The book is about Simon. Simon has been emailing someone with the nickname Blue, they go to the same school, but don’t know who the other one is. Simon knows he’s gay, but he hasn’t come out to the world yet. The problem: one of Simon’s classmated, Martin Addison, sees his emails to Blue and blackmails him. Martin likes Simon’s friend Abby, and he tells Simon that he isn’t going to show Simons emails to anyone if he just gets a little help with her. This is causing a problem for Simon, including Simon not telling Blue about it. After all, neither of them are ready to tell the world they are gay.

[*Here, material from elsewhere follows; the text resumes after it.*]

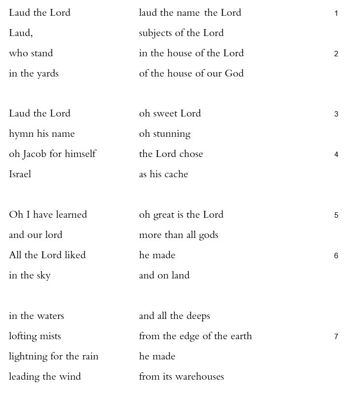 The psalm feels very much like an expansion, an explosion, of the psalms that precede it, into which have been inserted bits and passages from all over, the whole thing introduced with formulas of praise. “Laud the Lord | laud the name the Lord,” the psalm begins (135:1), urging those who just, in the previous psalm, blessed the Lord (“all subjects | of the Lord / who stand in the house | of the Lord by night” 134:1) to now praise: “Laud, | subjects of the Lord / who stand | in the house of the Lord / in the yards | of the house of our God” (135:1b-2). The next verse reaches back to Psalm 133, repeating the words “sweet” (tov) and “stunning” (na`im), only paired in these two verses (133:1, 135:3; cf. 147:1). The prior psalms’ forward-looking blessings have become Psalm 135’s backward-looking praise. The psalm reaches back all the way to creation (135:6-7) and to Exodus (135:5 || Exod 18:11; 135:8 || Exod 12:12; 135:13 || Exod 3:15) and Deuteronomy (135:4 || Deut 7:6, cf. 32:9; 135:10-11 || Deut 4:46, 31:4; 135:12 | Deut 4:38 and often; 135:14 || Deut 32:36). Other psalms and poetry also appear to be included, by quotation (135:7 = Jer 10:13, 51:16) and near-quotation (135:6 || 115:3) , though determining the direction of allusions is often educated guesswork. Does Psalm 136:17-22 quote Psalm 135:10-12 or vice versa? In the case of Psalm 115:4-11 and Psalm 135:15-20, it’s logically simpler to assume that Psalm 135 adds the Levites in 135:19 than to explain why Psalm 115 would leave them out. And it is far simpler to assume that Psalm 135:17b energizes and extends the expected “a nose theirs | they do not smell” of 115:6 to “a nose—there is no | breath in their mouths.”

I love Simon, I mean, how can you not? He’s a teenager, occasionally awkward, still trying to find out who he is and who he wants to be. He loves his friends and family. He doesn’t seem to struggle that much about being gay, but how to tell people, and who to tell first. He’s gotten to know Blue through emails, and they have this amazing connection; it’s quite adorable 🙂

The interactions with the different people in this book is great. Some of what I liked was the different friendships; but I also liked Simon’s family. I’m just saying: what a family! Occasionally dorks with their own way of doing things, and almost their own language sometimes it seemed. In a lot of YA books, you don’t hear about the parents, they are many times just not there. That is not the case in this book, Simon’s parents are very much there, in both his and his sisters lives. Both this and the fact that the book was grounded in everyday life, made it so good. It made the book believeable. The family was real, Simons struggle with being blackmail, and sort of wanting to come out, was well written. I believe this book can happen. (I do hope that people would eventually raise above the blackmailing of gay people, but that will probably still take some time…)

Straight people should have to come out too. The more awkward it is, the better.

It’s a holy freaking huge awesome deal.